PathEngine home previous: Changing agent heightnext: Modifying the scene
Contents, Programmers Guide, The 3D Content Processing Demo, How it works

How it works

PathEngine's 3D content processing works by combining a set of solid obstacles into a single set of 3D boundaries, essentially like the kind of boolean combination operation you will find in many content applications, but with an added extrude operation to remove any areas for which an agent of a given height would be obstructed.

Refer to this section of the documentation for more detailed information about this process.

Tiled 3D content processing

Note that the demo uses the tiled 3D content processing setup to enable fast updates when only part of the scene has been modified.

This works by splitting the scene up into a set of horizontal tiles, with each part of the scene processed independantly, and the resulting set of ground pieces then combined into a single ground mesh for run-time pathfinding.
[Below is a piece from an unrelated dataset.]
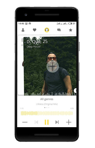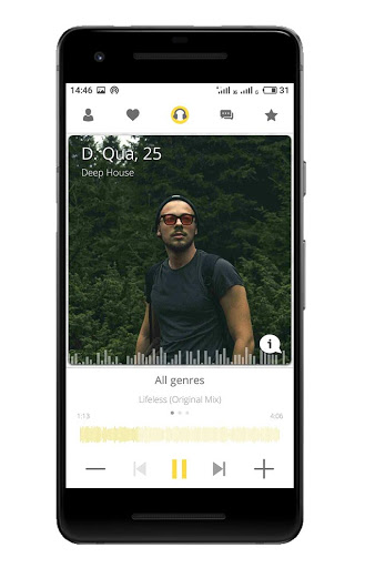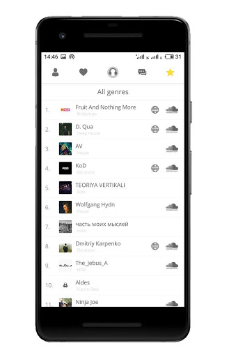 From here, you can go to the profile page of musicians by clicking on their profile image. In the profile window you can listen to the musician's works. Also, from here, you can start the correspondence with him inside the application, go to the musician profile in Soundcloud (if the musician left a link to the profile) and download the musician's music (if he gave permission for this action).

The first time you switch from edit to test mode (and run the 3D content process) a set of tiled result pieces will be saved to the SDK bin directory, together with information about the tiling used and the source content elements used to build each tile piece.
Next time you run the process, the demo checks the source data for each tile against the corresponding saved snapshot, and if these are identical then this part of the process can be skipped, with the existing ground result reused.

Building a mesh federation from the tiled pieces

In addition to generating a single run-time ground mesh, it's also possible to generate a set of run-time tiled meshes for use with PathEngine's Mesh Federations functionality.
(Enabling the 3D content process to be applied for seamless pathfinding across worlds of effectively unlimited size.)
The mesh federation example project includes (commented) code paths to demonstrate this.